You’ve obviously got a lot about you, for a smoking hot professional escort to want to date you. Use that as a compliment to push you in the direction of what you really want.
I am pretty sure if I met a transwoman in real life up close I'd see minor masculine features that'd put me off. But I still find myself totally hooked on transwoman porn - and I'm less and less fussy their looks. I constantly find myself checking out the many local escorts and seriously thinking about it.

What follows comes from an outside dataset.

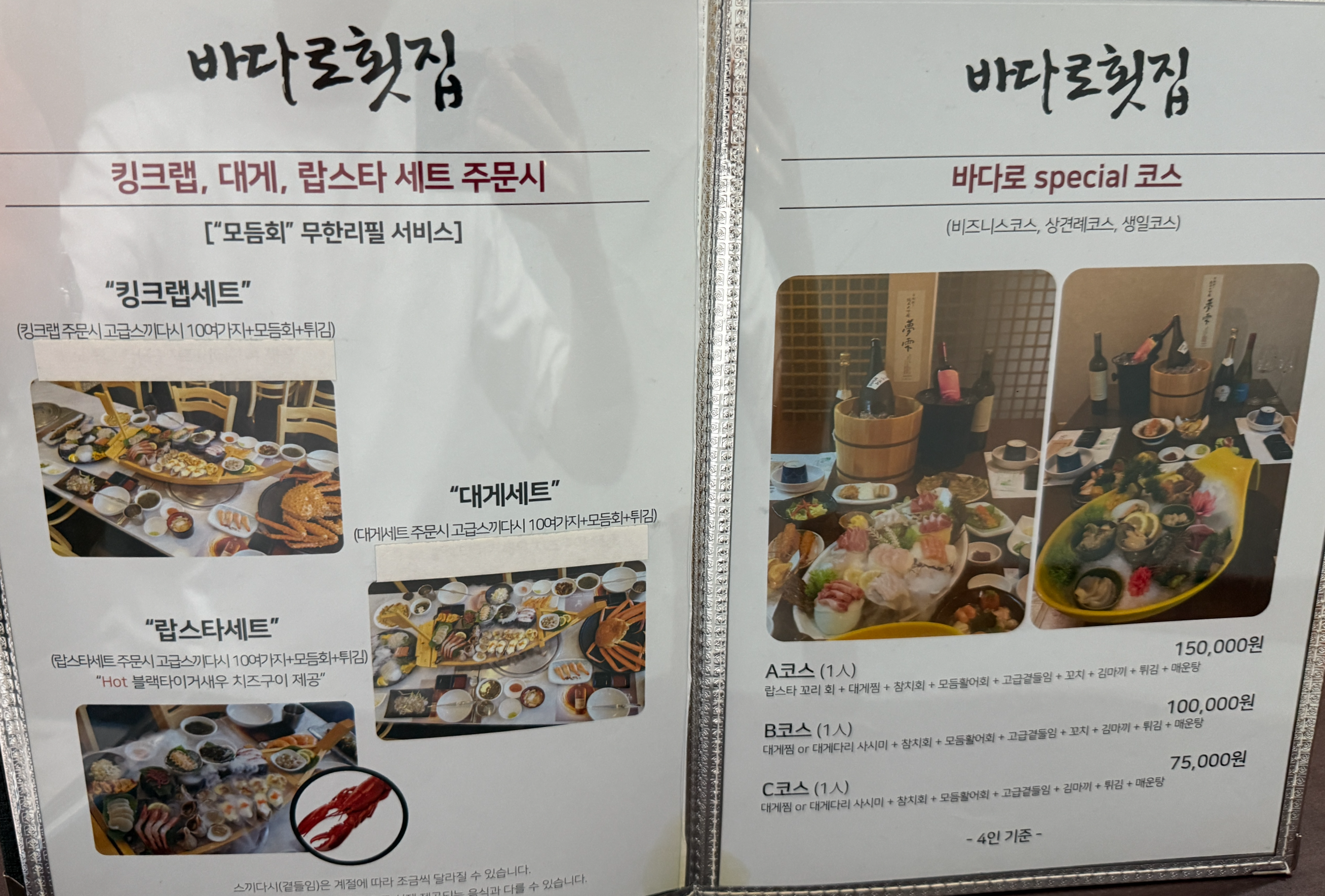 대게, 킹크랩, 랍스터를 주문하면

Part of me thinks if I went ahead and did it I'd get it out of my system then that other part of me thinks I would feel like shit and regret it.
You’re edging doing that shit and tempting fate. Cognitive distortions (justifying and making excuses) “ I’ll just have a look but won’t do it.” I sometimes would say I’ll just call them up see what they sound like...20 min later I’d be just about to knock on the apartment door, heart beating out of my chest! It’s a slippery slope dude and I wish I’d never started it years ago. The more you do it the more hooked you’ll become. And yea when you start searching and there isn’t a decent local one or even in the next closest cities your standards will start dropping as you keep searching, because you’ll want the fix and get desperate. There are some real freaks out there and there’s a high risk of std’s. Save yourself all the pain and put it behind you. The shame from the first one will make you feel crap and subconsciously you’ll hate yourself making it a lot easier to loose track of values when triggered again. Like a fucked up feedback loop.
When I’ve been high on the adrenaline, suspense and dopamine and they open the door and resemble a hot woman you kind of go into auto pilot. Then as soon as you release you realise this isn’t a hot woman with something extra. Block all the porn ( that feeds it massively)and escort sites. And be glad you never pushed it any further
yeah I did similar things myself only a couple of times a few years back but has haunted me ever since. Sooner you get ahold of yourself the better, shits a nightmare. I recommend taking a look at yourself and asking who you really are and want out of life and write it down. Get rid of the porn, only have sex with biological women and not escorts period, start exercising and indulge your passions(not porn) and hobbies. The shame and depression may pop up now and again but all in all you will have achieved a better quality of life and will eventually be able to be your best self agin. best wishes
It’s pretty damaging shit but I would say as hard as it is try and do as much positive stuff in your life as possible understand you put yourself in a bad position and made a mistake. Depression and self hate is not the answer but continuing in harmful activities and watching twisted porn is only a downward spiral. As sick as it is to say this is how people probably become pedophiles or extreme levels of sick and depraved. I personally believe porn has no redeeming values and is negative all around at this point. Rebuilding yourself is hard but it’s the only choice besides depression and suicide which is not the answer.
Nearly did a month, but had the urge and went and visited another one earlier. Didn’t enjoy it, went soft, no excitement, couldn’t come. Put my cloths back on and went home. Much rather bang a woman. Glad it’s lost it’s thrill.
Man I’d just give it up. Get a gf quit porn and escorts. If you dont put your foot down you gonna end up with a girl and cheating with trans escorts. At least don’t act out better off jerking off and getting clarity than acting out man.
Dude it’s harder than it sounds. I’m getting there just a blip. My life is hell atm and I just escaped for an hour. No point beating myself up. I’ve had a lot to deal with and Im doing alright. Straight back on the horse I’m really glad it didn’t do it for me.